Ivory was the original foreign interest in East Africa. In 1989 Richard Leakey made an international appeal to stop the ivory trade. He convinced president Arap Moi to publicly burn 3 million USD worth of ivory. Cites then placed the African elephant Loxodonta Africana, on appendix two (threatened) of listed species on the “Red” list. (Haenn and Richard R. p 219) Thus, making the trade in body parts of the species is internationally illegal. South Africa was infuriated arguing that they have appropriate management for big game hunting. One bull elephant can fetch as much 20,000USD. Money that if managed for the greater community, investing in sustainable agriculture, and then hunting is a valuable source of income. In most cases government officials issue more licenses than is ecologically stable, then high-end big game safari outfits make the 20,000 USD.

Kenya Adopted a shoot on site policy, which remains today for dealing with poachers.

A case study in Zimbabwe (1992) argues that money raised from one hunt built two schools for the community living around the wildlife. (Haenn and Richard R. p 220). The local population did not poach and supported wildlife protection. Hunts were conducted but trophies were not taken home.

CITES made an exemption for Zimbabwe due to its success stories until in 1993 the South African Government was involved in a huge ivory smuggling deal.

The argument Richard Leakey has is that as soon as ivory is traded legally again, then poaching will kick off again and there will be no controlling it in the large dispersal areas.

There are over 70 distinct ethnic groups in Kenya, ranging in size from about seven million Kikuyu to about 500 El Molo who live on the shore of Lake Turkana. Kenya's ethnic groups can be divided into three broad linguistic groups Bantu, Nilotic and Cushite.
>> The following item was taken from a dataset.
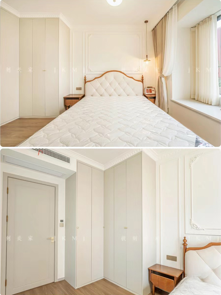 整體定制采用象牙灰加同色系柜門(mén),搭配圓柄金屬拉手,增加了法式的優(yōu)雅
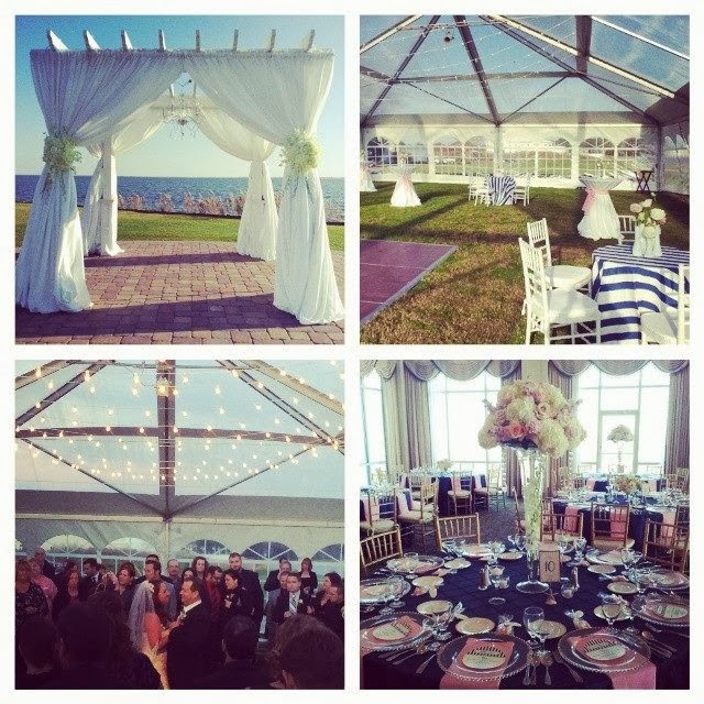 Saturday was also gorgeous at the beach for Kim & Regan’s wedding day at Rehoboth Beach Country Club! The day kicked off with hair and makeup at Made Ya Look Salon, then the bride & groom headed over to the club to get dressed and have their first look. The groom’s first glance of the bride took place on the dock, overlooking the bay and there was nothing but sunshine for this awesome couple! Synergetic Sound and Lighting did an incredible job draping the club’s pergola with fabric and hanging the bride’s chandaliere, and then Bayberry Flowers embellished the ceremony area with gorgeous florals in shades of blush and cream. The ceremony by Judge Lee was very special in that the bride and groom exchanged personal, handwritten vows, and included “Falling In Love is like Owning a Dog” as a reading and also had a Blessing of the Hands. Once the ceremony was over, guests were escorted into a clear topped tent, draped in string lights by Synergetic- which looked amazing!! Kim & Regan did their first dance under the lights, then guests moved upstairs to kick off the reception! We were fortunate enough to get to do their invites, programs, table numbers and more- everything looked gorgeous in shimmery pearl, blush pink, and a nautical navy & white stripe! The dinner tables were dressed in navy pintuck linens, gold beaded chargers, custom personalized menus, and Bayberry created lush and elegant floral arrangements that were dripping with crystals! We also used stemmed votives with floating candles to enhance each centerpiece- it looked gorgeous, highlighted by the pinspots and blush uplighting provided by Synergetic. The club executed a custom menu, created by Kim & Regan, and Sweet Art created a beautiful cake full of bling! The entire day was captured by Serendipity Studios and Black Label Films, who were visiting from Miami, Florida! Matt Bowyer from Synergetic handled the emcee and DJ responsibilities while The Gypsy Wisdom Band rocked the house. It was a magical day, full of beautiful details and lots of love! Congrats to Kim & Regan- wishing you a lifetime of laughter!!

While no ethnic group has a complete majority of Kenya's citizens, the largest ethnic group, the Kikuyu, makes up 20% of the nation's total population. The five largest are the Kikuyu, Luo, Luhya, Kamba and Kalenjin accounting for 70% of total 35 million Kenyans. 97.58% of Kenya's citizens are affiliated with its 32 major indigenous groups. Of these, the Kikuyu, who were most actively involved in the independence and Mau Mau movements, are disproportionately represented in public life, government, business and the professions. The Luo people are mainly traders and artisans. The Kamba are well represented in defense and law enforcement. The Kalenjin are mainly farmers. While a recognized asset, Kenya’s ethnic diversity has also led to disputes. Interethnic rivalries and resentment over Kikuyu dominance in politics and commerce have hindered national integration. (African Studies Center Uni. Penn.)
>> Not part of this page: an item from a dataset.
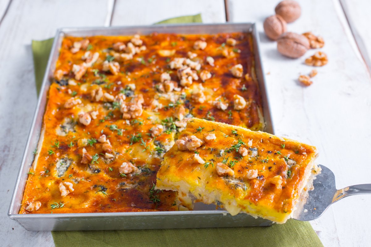 Our recipe for four-cheese quiche will give you exactly what you’d expect from this dish – and maybe even more: An irresistible creamy, tasty combination of flavors, with a hint of herbs. Our four cheese musketeers in this case are Roquefort, Taleggio, Gruyere, and Grana Padano, sagely combined to form a quiche with an intense, unmistakable taste, perfect for palates that don’t shy away from strong flavors. This enticing savory tart is perfect for a fall menu: Cut it into bite-sized cubes and serve as part of a buffet as a tantalizing appetizer, or enjoy it in its own right as a second course dish!

Corruption has been the foremost barrier in implementing projects to “nation build” in Kenya. The rampant corruption of 30 years during His Excellency Hon. Daniel T. Moi’s regime has become deeply entrenched ignoring many indices for development. Transparency International lists Kenya as not addressing corruption.

Many government officials made it apparent though brief interactions they were interested in what was in it for them. Corruption in Kenya is one of the major barriers to sustainable wildlife conservation. Efforts to redistribute revenue from tourism and conservation are few.

Transparency International reports that Kenya’s attempts to combat corruption are not working. There is a growing pessimism about the government’s fight against corruption. Part of the problem lies in the government’s lack of a coherent anti-corruption strategy and its inability to investigate and prosecute new cases of graft (TI p. 67).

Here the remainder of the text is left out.